A single growth Suisen plant (a special bean leaf) with a leafspan of about 1.75 to 2 inches max with 7 leaves will currently set you back $1000 USD. Homeiden has come down somewhat in price, and you can really get a bargain if you buy a small seedling from a selfing of Homeiden. It will only cost you $150 USD, and if you're lucky it might turn out to be as good as a division of the real thing.

I gave away a small (2 - 3 growth) Mangetsu plant in 2008 to a friend of mine since the plant didn't make me feel all warm and fuzzy inside. Sometimes a plant just leaves me feeling cold or it doesn't perform well for me so I give it away.  There are many varieties I have tried and disliked...but many more that I have tried and fallen in love with. 

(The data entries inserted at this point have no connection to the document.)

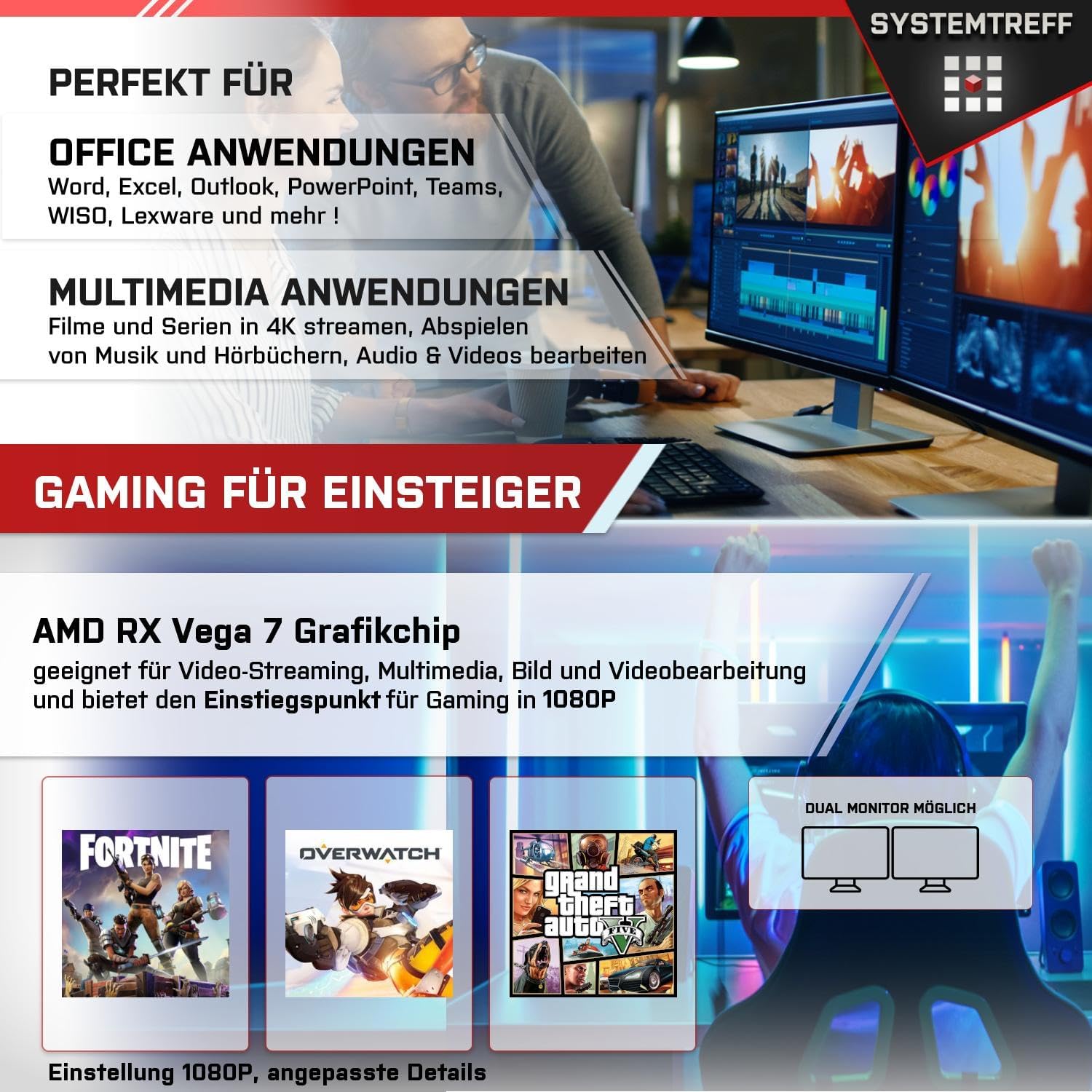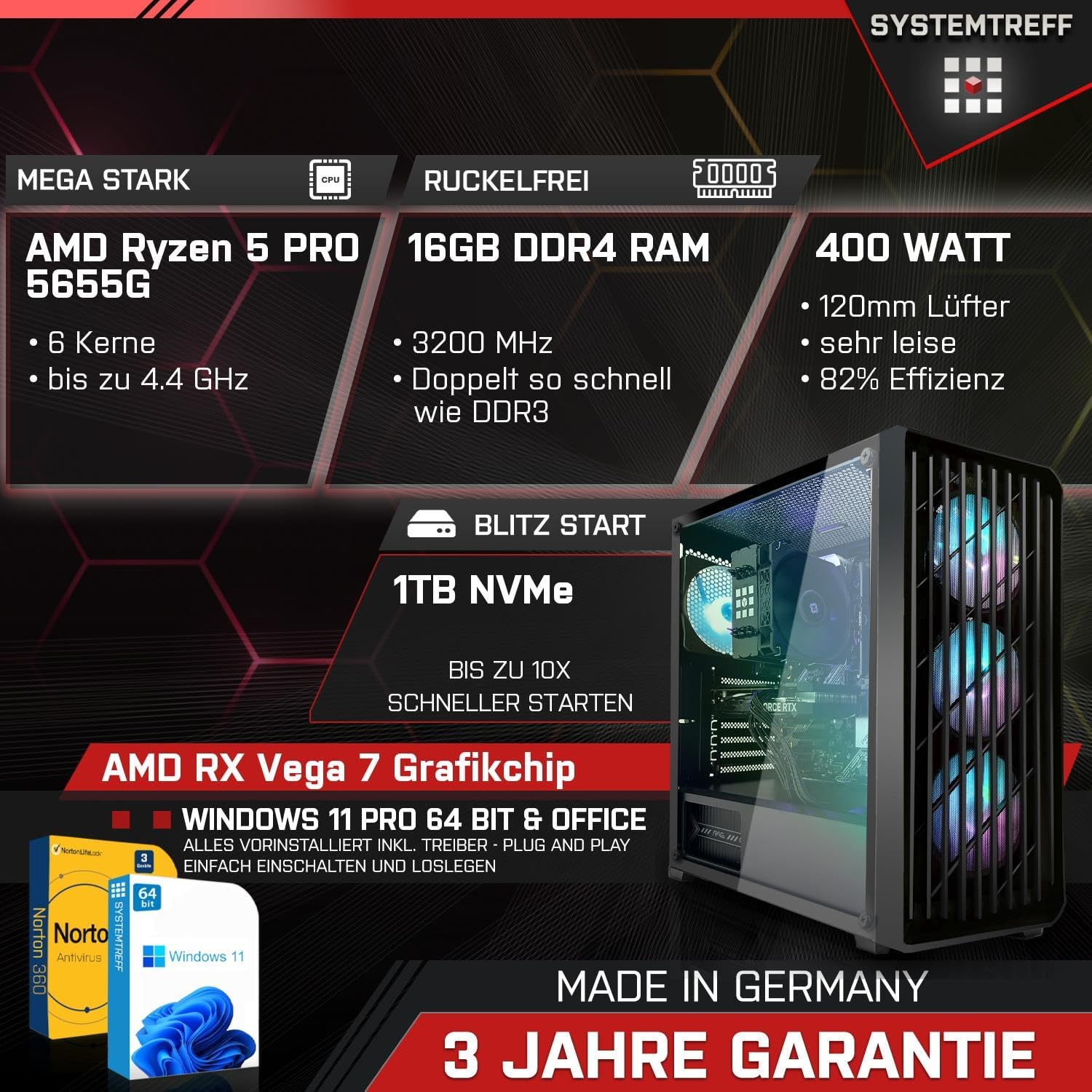 SYSTEMTREFF Basic Gaming PC AMD Ryzen 5 PRO 5655G 6x4.4GHz | AMD RX Vega 7 4K HDMI DX12 | 1TB M.2 NVMe | 16GB DDR4 RAM | WLAN Desktop Computer Rechner für Gamer, Zocker AMD Ryzen 5 PRO 5655G 16.0 GB 1000.0 GB Gamer Grafik: RX Vega 7 7Kern Grafikchip Technik:(AMD APU,1.9 GHz,7 Core,DX 12) | قیمت یورویی 409.9€
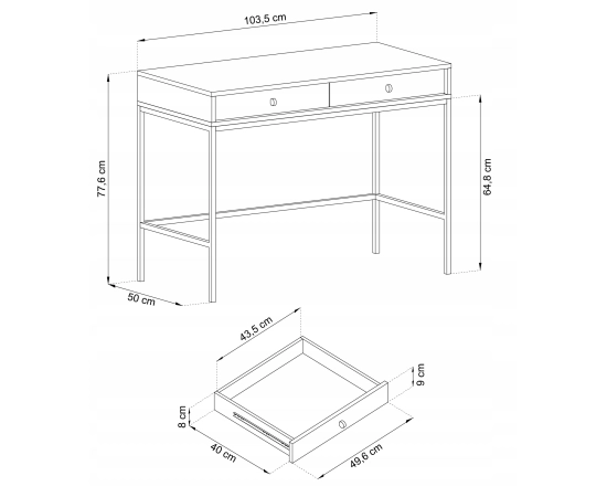 Toaletka biurko wyposażona w dwie szuflady. Stanowić będzie idealne uzupełnienie aranżacji wnętrza meblami z kolekcji.
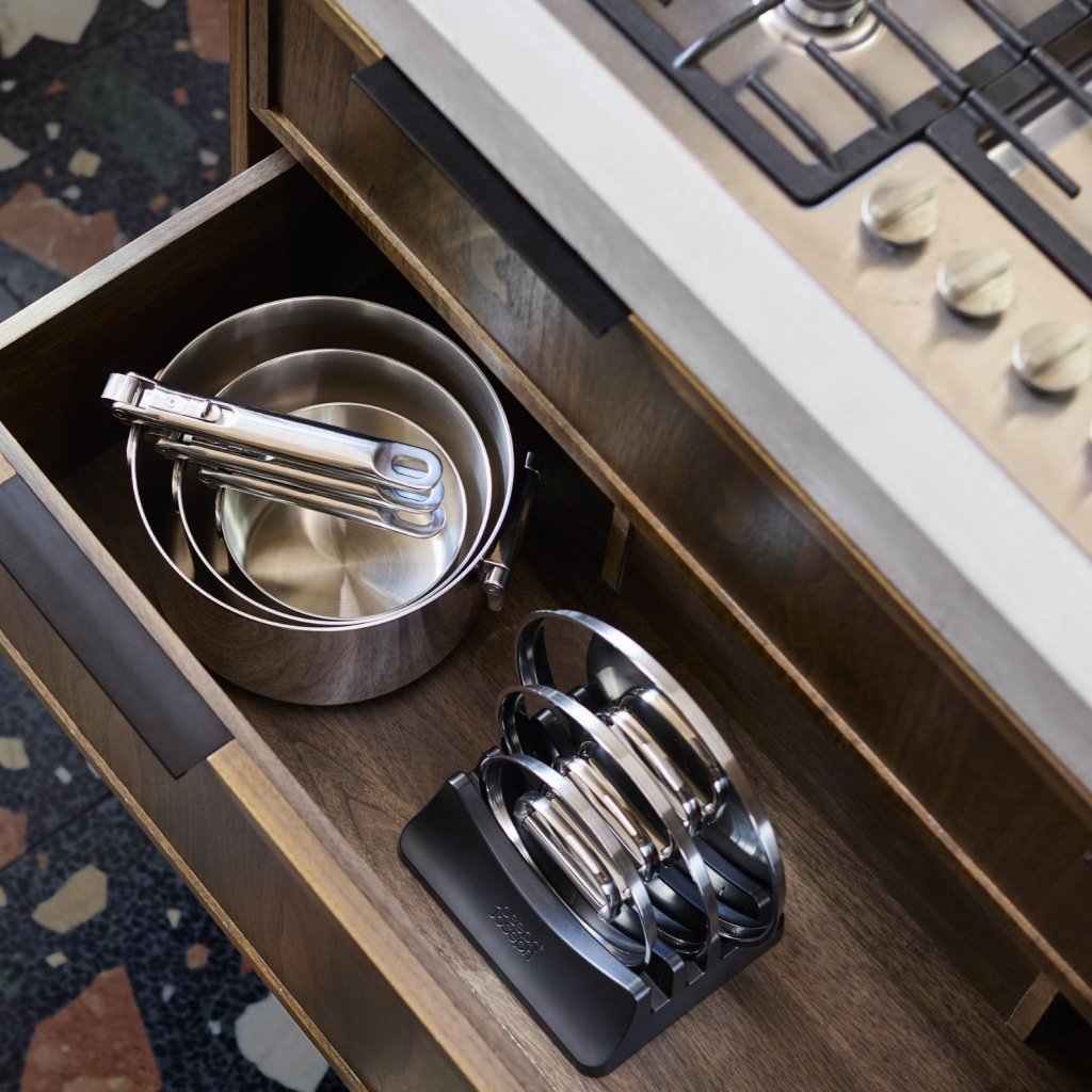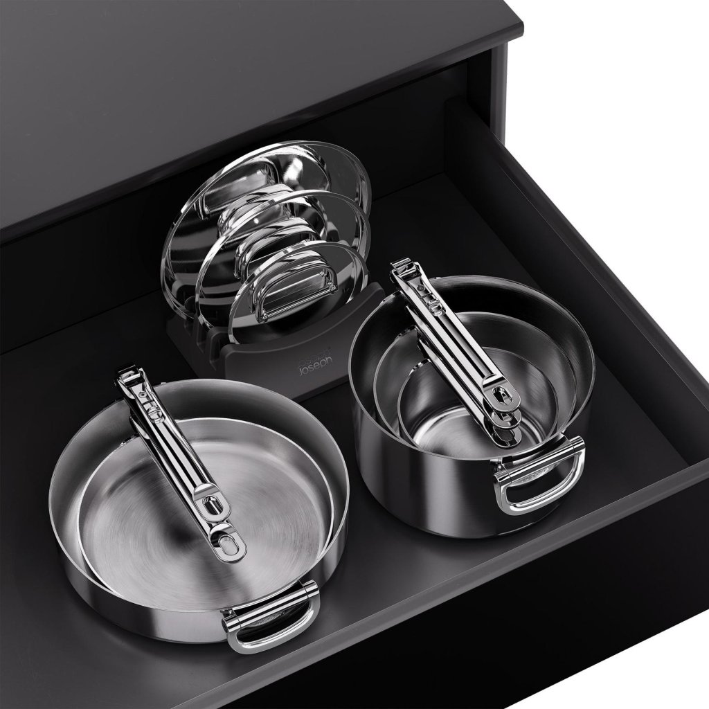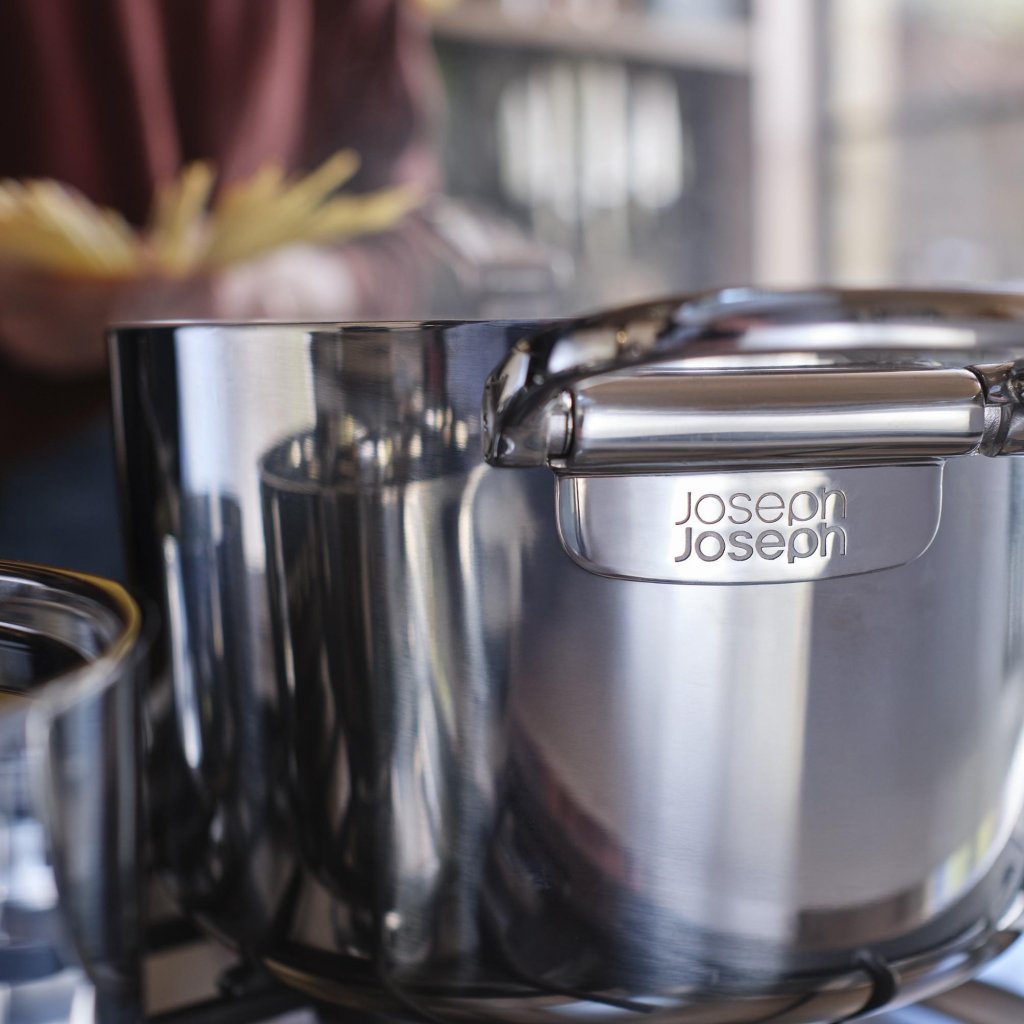 - Das Premium-Kochgeschirrset Joseph Joseph SPACE revolutioniert die Küchenorganisation dank eines ausgeklügelten Stapelsystems und einer professionellen dreilagigen Konstruktion.

Currently some of the better varieties in my collection include Homeiden, Kinkounishiki, Manjyusahge, Seikai, Unkai, Ouzanomai, Hanakanzashi, Sobiryu, Kinginrasha, Kinkosei, Tensho, Hisui, and Tosamidori. Certainly not all of these are top ranking plants, but many of them do appear on the Meikan chart. I have many other varieties as well. None of them seem to satisfy my craving for more. :drool: My wish list is long and it includes a nice Manazuru, Beniougi, Hanamatoi, Kokuryu, Gokousei, Suisen, and Shigyoku. :evil:


----------



## Linh (Mar 30, 2010)

I recently received the 2009 and 2010 charts but I can't translate any of the names into Japanese, sorry. I don't know if they all share a common characteristic but I think many of them are variegated and have ruby roots.


----------



## ncart (Mar 30, 2010)

Linh said:


> I recently received the 2009 and 2010 charts *but I can't translate any of the names into Japanese*, sorry. I don't know if they all share a common characteristic but I think many of them are variegated and have ruby roots.



oke:


----------



## Lanmark (Mar 31, 2010)

Linh said:


> I recently received the 2009 and 2010 charts *but I can't translate any of the names into Japanese*, sorry. I don't know if they all share a common characteristic but I think many of them are variegated and have ruby roots.





ncart said:


> oke:


:rollhappy: :clap: :rollhappy:

:evil:


----------



## Linh (Mar 31, 2010)

ncart said:


> oke:


oke: Okie dokie, go at it.

http://www.flickr.com/photos/constant_gardener/4479410492/sizes/l/

I think....
Gold box on the left hand top corner is Ooemarushima.
Gold box in the middle of top row is Fuukiden.
Gold box on top row right hand side is Kinbotan.
5th white box counting from left on top row is Botan-nishiki.
6th white box counting from left on top row is Higuma.
3rd white box counting from right on top row is Kinkirin.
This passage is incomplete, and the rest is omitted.